▶ _DATA UNDER STUDY_:
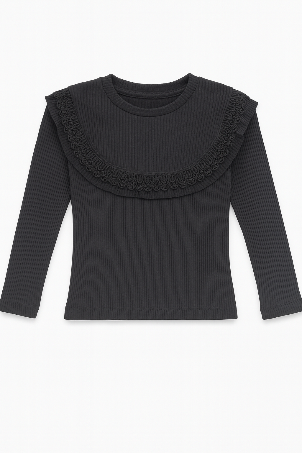 1060 Dantel Yakalı Kız Çocuk Body SİYAH
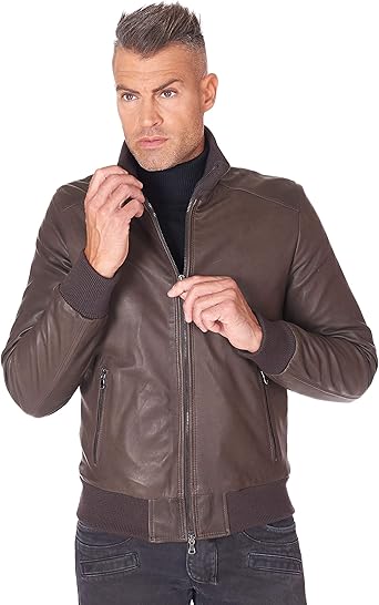 Veste Blouson En Cuir Homme Marron Fonce Made In Italy Col Montant Amazon Fr Handmade
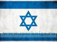 Флаг Израиля представляет собой белое прямоугольное полотнище с двумя горизонтальными синими полосами по краям и звездой Давида в центре.
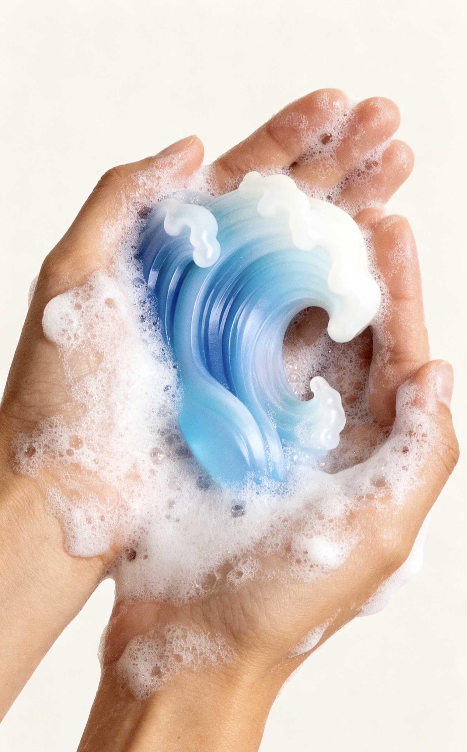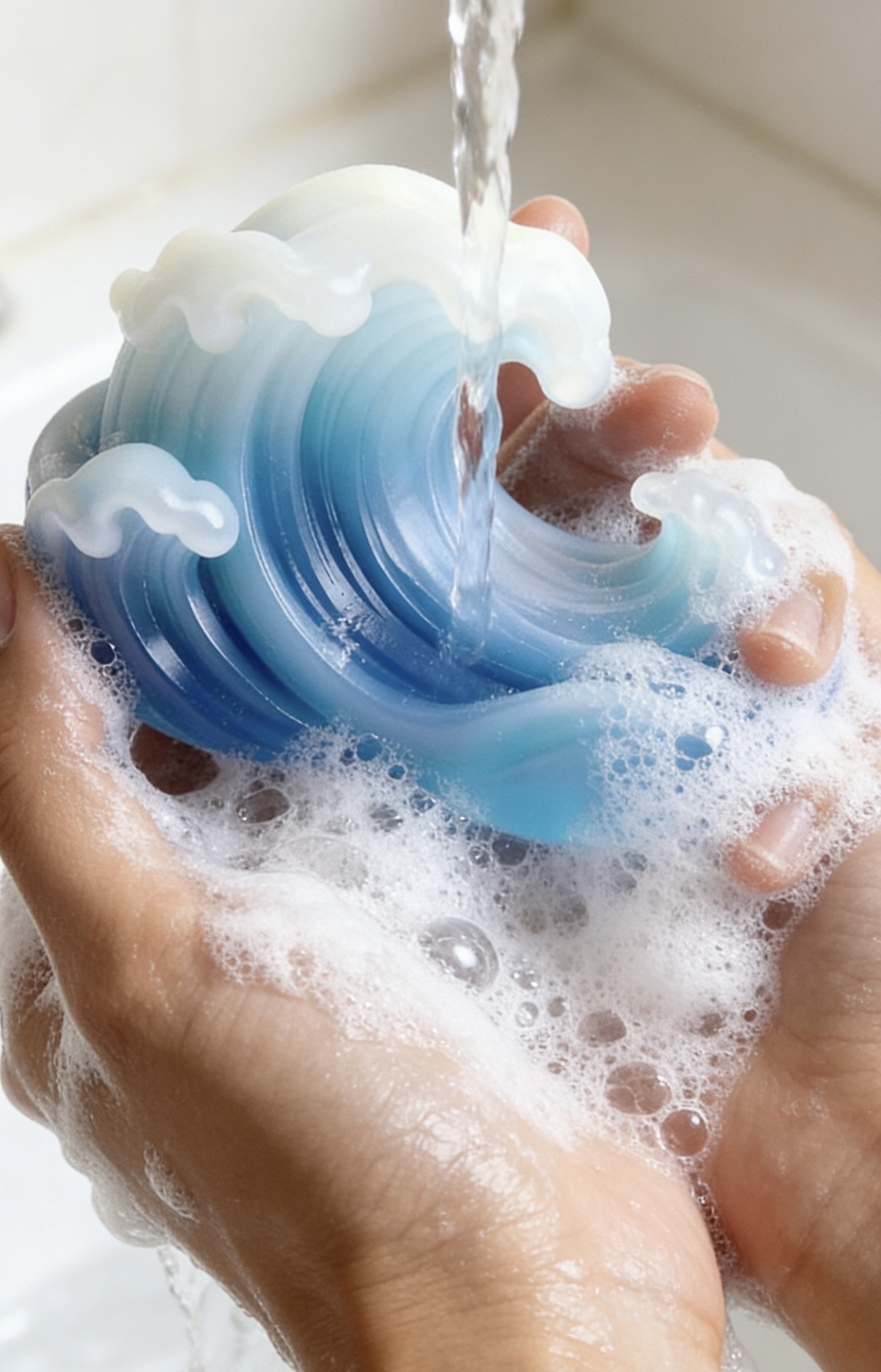 產品直擊傳統香皂殘余10%-15%小塊因難以握持被丟棄的痛點,在皂體中心嵌入同形海浪模玩,用戶無需刻意學習,會在皂體漸小時本能握持擺件,無意識間將皂體利用率提升至100%,從根源消解資源浪費。其仿生海浪外形,在高頻洗漱場景中以視覺符號隱性傳遞海洋保護理念,讓環保認知隨使用習慣自然扎根,規避說教式理念灌輸。
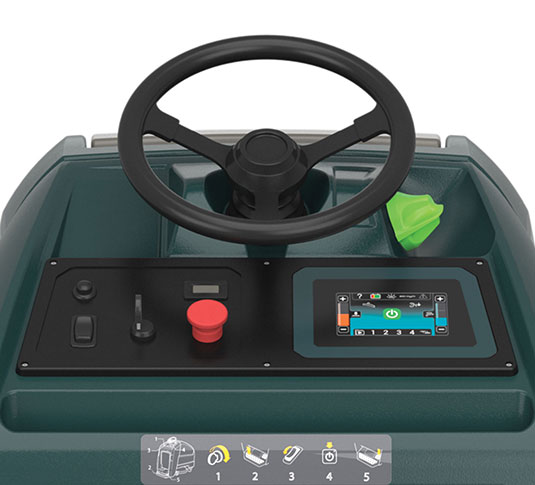 - Operate comfortably and easily with ergonomics and controls designed for a stand-on scrubber.
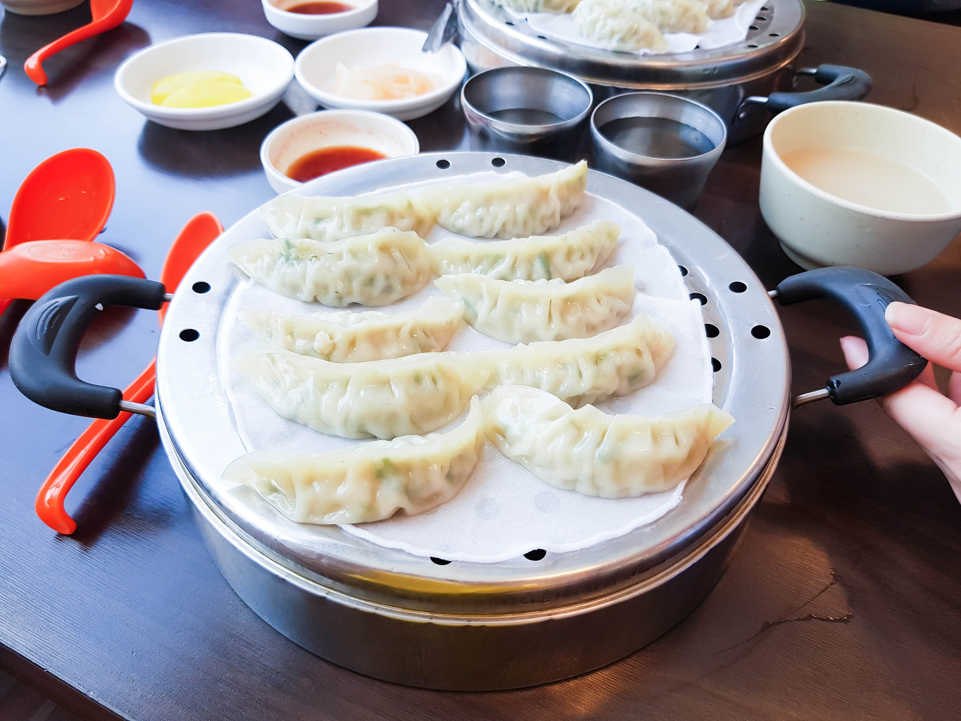 만두가 먼저 서빙됨. 만두 10개에 한판에 4,500원. 개인적으로 이곳 만두가 피가 얇고 쫀득쫀득 맛있어서 좋아함. 밀면보다 만두가 더 맛있는 거 같음. 밀면만 먹고 만두 못 먹으면 밀면 먹은 느낌이 안 날 정도.

▶ _REQUIRED ACTION_:
Without changing a word, retype every entry above, but drop its pictures.

▶ _PROBLEM SOLUTION_:
 1060 Dantel Yakalı Kız Çocuk Body SİYAH
 Veste Blouson En Cuir Homme Marron Fonce Made In Italy Col Montant Amazon Fr Handmade
 Флаг Израиля представляет собой белое прямоугольное полотнище с двумя горизонтальными синими полосами по краям и звездой Давида в центре.
 產品直擊傳統香皂殘余10%-15%小塊因難以握持被丟棄的痛點,在皂體中心嵌入同形海浪模玩,用戶無需刻意學習,會在皂體漸小時本能握持擺件,無意識間將皂體利用率提升至100%,從根源消解資源浪費。其仿生海浪外形,在高頻洗漱場景中以視覺符號隱性傳遞海洋保護理念,讓環保認知隨使用習慣自然扎根,規避說教式理念灌輸。
 - Operate comfortably and easily with ergonomics and controls designed for a stand-on scrubber.
 만두가 먼저 서빙됨. 만두 10개에 한판에 4,500원. 개인적으로 이곳 만두가 피가 얇고 쫀득쫀득 맛있어서 좋아함. 밀면보다 만두가 더 맛있는 거 같음. 밀면만 먹고 만두 못 먹으면 밀면 먹은 느낌이 안 날 정도.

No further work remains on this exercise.